I would have said something more, something to the point, but I didn’t need to. I could feel it rolling off the three of them now.
Once again, it was Artemis who finally spoke. He let out a low whistle. “Well, isn’t this an outcome no one expected.”
I glanced up at Rynn, who still hadn’t touched me, not once, not after everything. He narrowed his eyes at Artemis, then at me. “No, not in a million years.”
I don’t know if it was all the emotions swirling around inside me, overwhelming me, or if it was Rynn, but one thing did claw its way to the surface: that once again, despite my best intentions, I’d managed to replace one disaster with another.

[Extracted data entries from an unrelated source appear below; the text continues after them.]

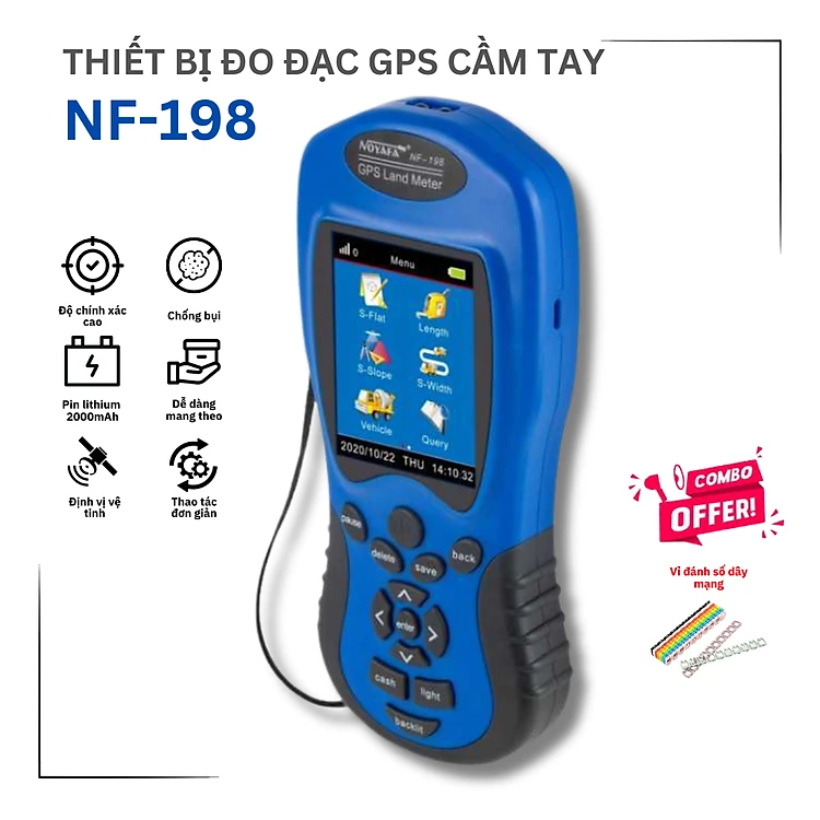 Thiết bị đo đạc GPS NF-198: Độ chính xác cao, màn hình màu lớn, tính năng đo diện tích và chiều dài đa dạng, tích hợp Maps, sử dụng trong môi trường tối và pin sạc lithium bền bỉ – giải pháp toàn diện cho đo lường đất đai - Hàng Nhập Khẩu
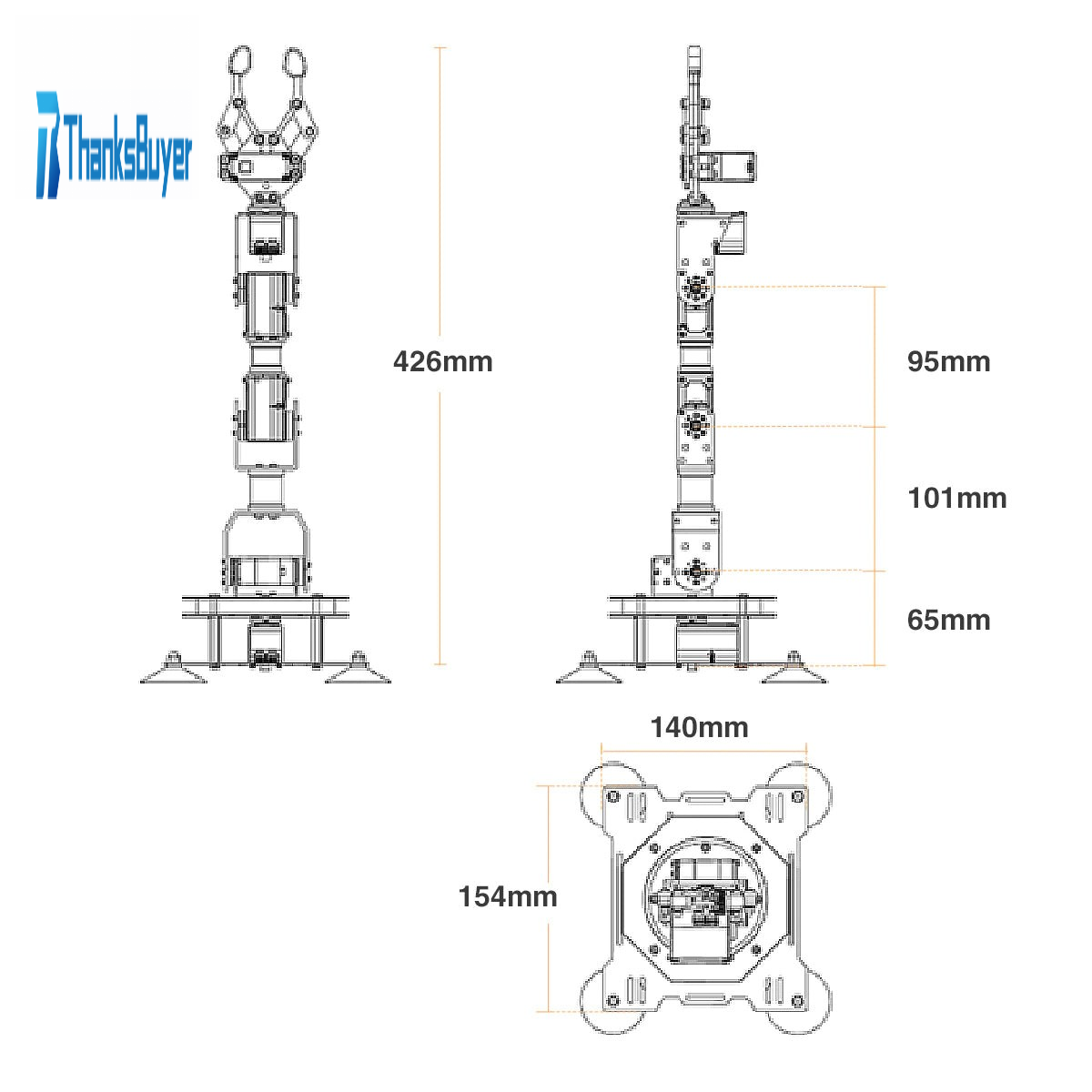 - Robot size: 154 x 140 x 426mm/6.1 x 5.5 x 16.8"
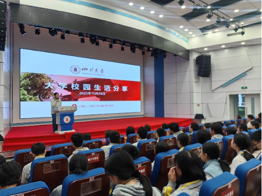 副院长李峰教授以“川越精彩,大有可为”为主题,为同学们带来了一场深入浅出的讲座。他系统介绍了川大的学科优势、科研成果与校园文化,阐释了大学教育的意义与价值,激发了同学们对高等教育的浓厚兴趣,也为他们的学业规划提供了有益指导。随后,毕业于北京二中、现就读于潘甜甜
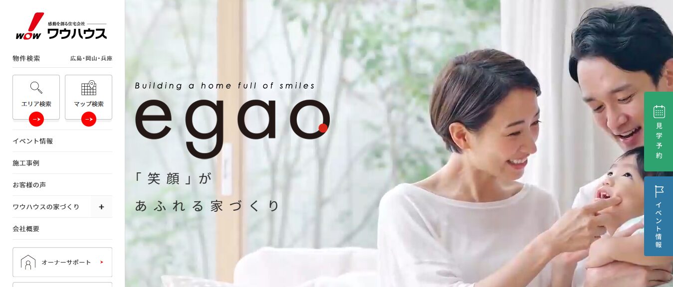 アンドディハウス(ワウハウス岡山) | 若年層に人気のローコスト住宅 | 45〜55万円 | ◯(自由度標準) | 要確認 | 木造軸組工法 | 2か所以上 |
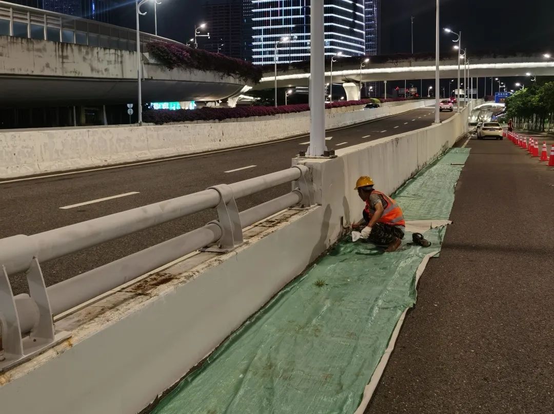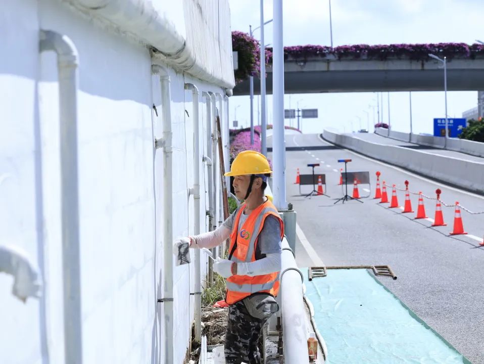 道路、橋梁作為基礎(chǔ)交通設(shè)施,也是城市景觀的重要組成部分。為打造靚麗舒適的出行環(huán)境,大橫琴城資在港澳大道立交主線橋及匝道、濠江路立交主線橋及匝道進(jìn)行防撞墻和引橋擋墻的打磨、找平、刷漆等養(yǎng)護(hù)作業(yè),施工面積達(dá)20000㎡,在美化通行環(huán)境、提升路容路貌的同時,切實消除安全隱患,提升了道路通行安全系數(shù)。
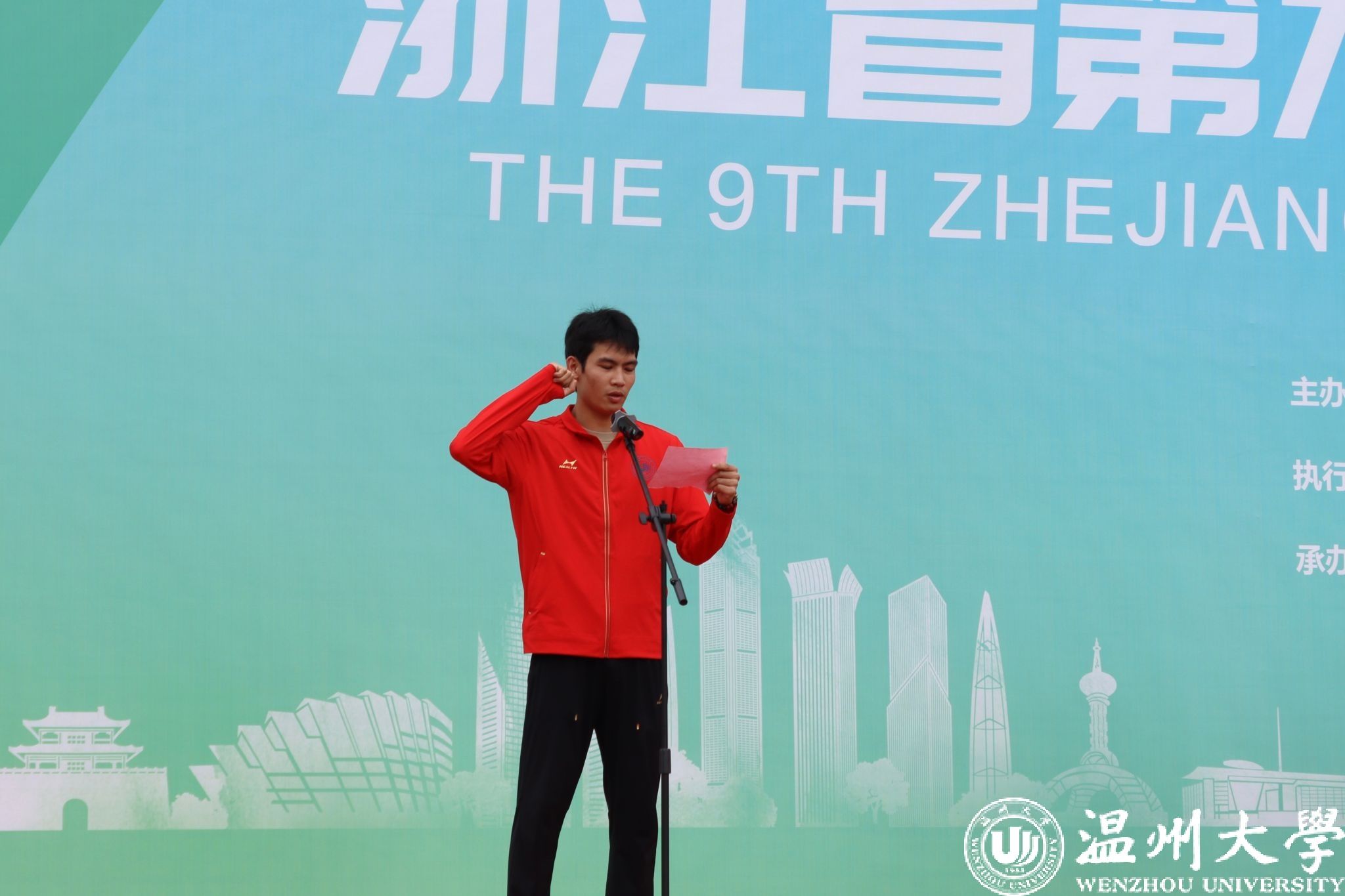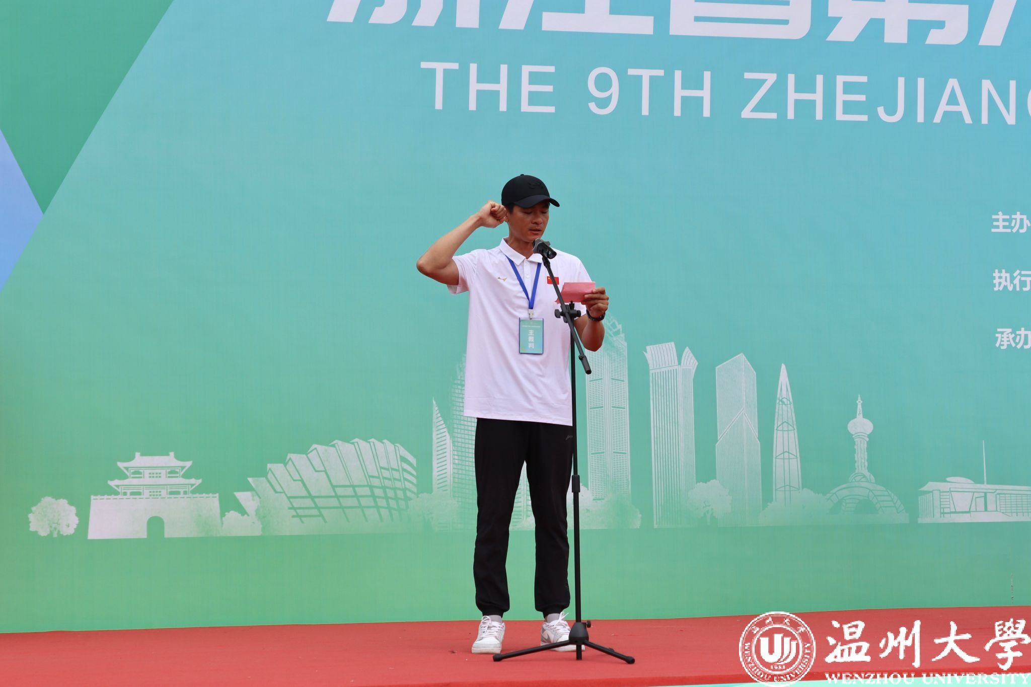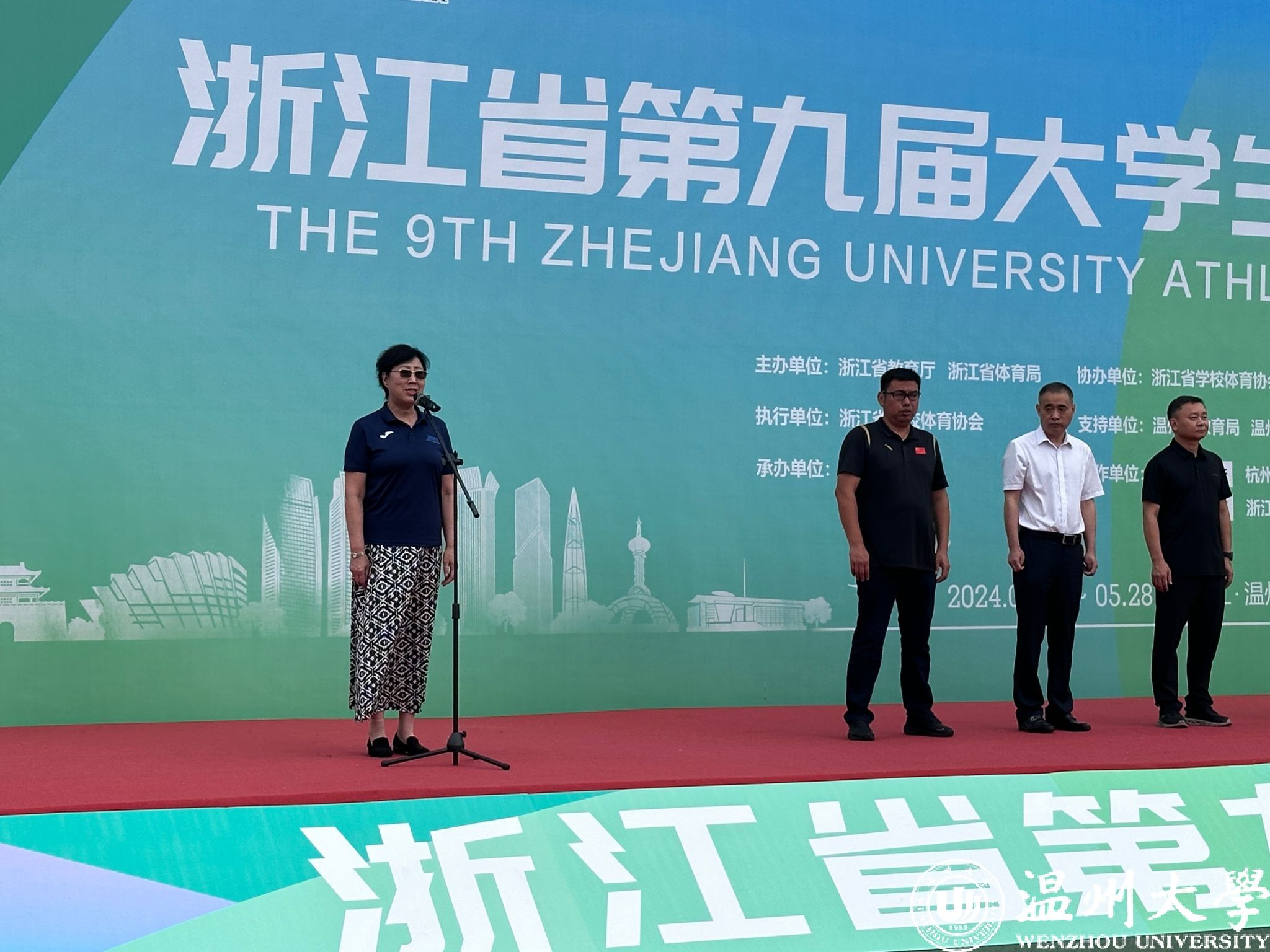 浙江省澳门银河官网 体育协会常务副秘书长姜丽宣布“2024年浙江省第九届大学生田径锦标赛”开幕。
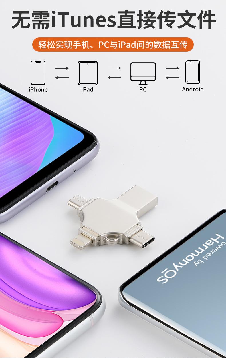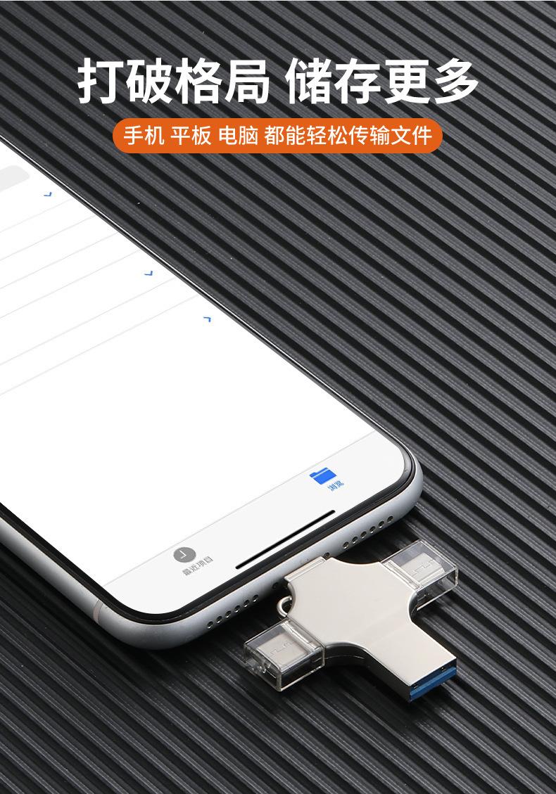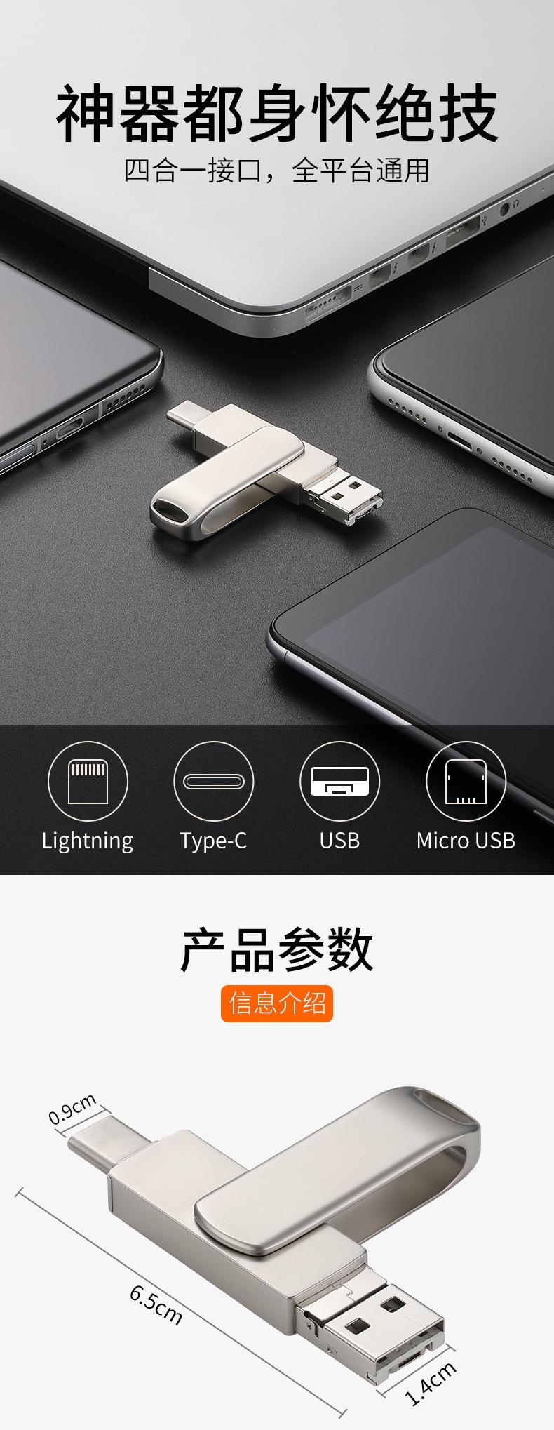 Pen Drive USB 4 em 1 Giratório de Metal para Celular de Grande Capacidade 1Tb2Tb Atacado Otg Transfronteiriço Pen Drive USB Atacado Logotipo Gravado
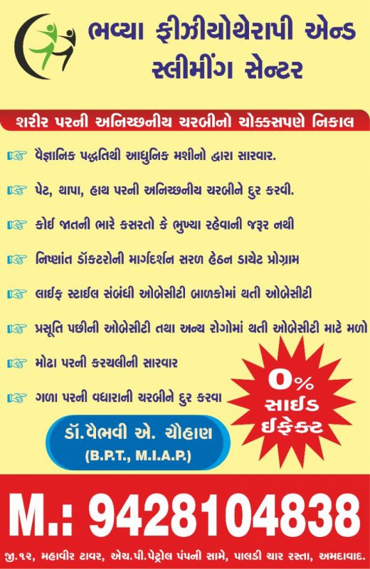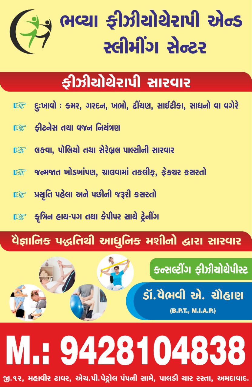 Bhavya Physiotherapy and Slimming Center is known for housing experienced Physiotherapists. Dr. Vaibhavi Chauhan, a well-reputed Physiotherapist, practices in Ahmedabad. Visit this medical health centre for Physiotherapists recommended by 50+ patients.

“Try blocking it out, Alix,” Artemis said, his voice oddly even and quiet.
I was only half listening to his advice. That was easy for him to say; he lived with this stuff. If I had known this was going to happen . . . Big breath, Alix, I told myself. I unclenched my hands and did the best I could to school my expression.
I had to sit down. There was too much going on, too many feelings, the majority of which couldn’t be my own. I slid my back down against a wall and tried to wrap my head around everything, shut out the onslaught of sensory overload on my raw nerves, make sense out of everything that was going on in my head, try to piece together which emotions were mine and which were coming in from outside.
What made it through was an incessant buzzing in the background, constant and unforgiving on my raw nerves. It was the kind I couldn’t ignore. I pulled it out, meaning to silence it.
I stared at the screen. Everything else faded away.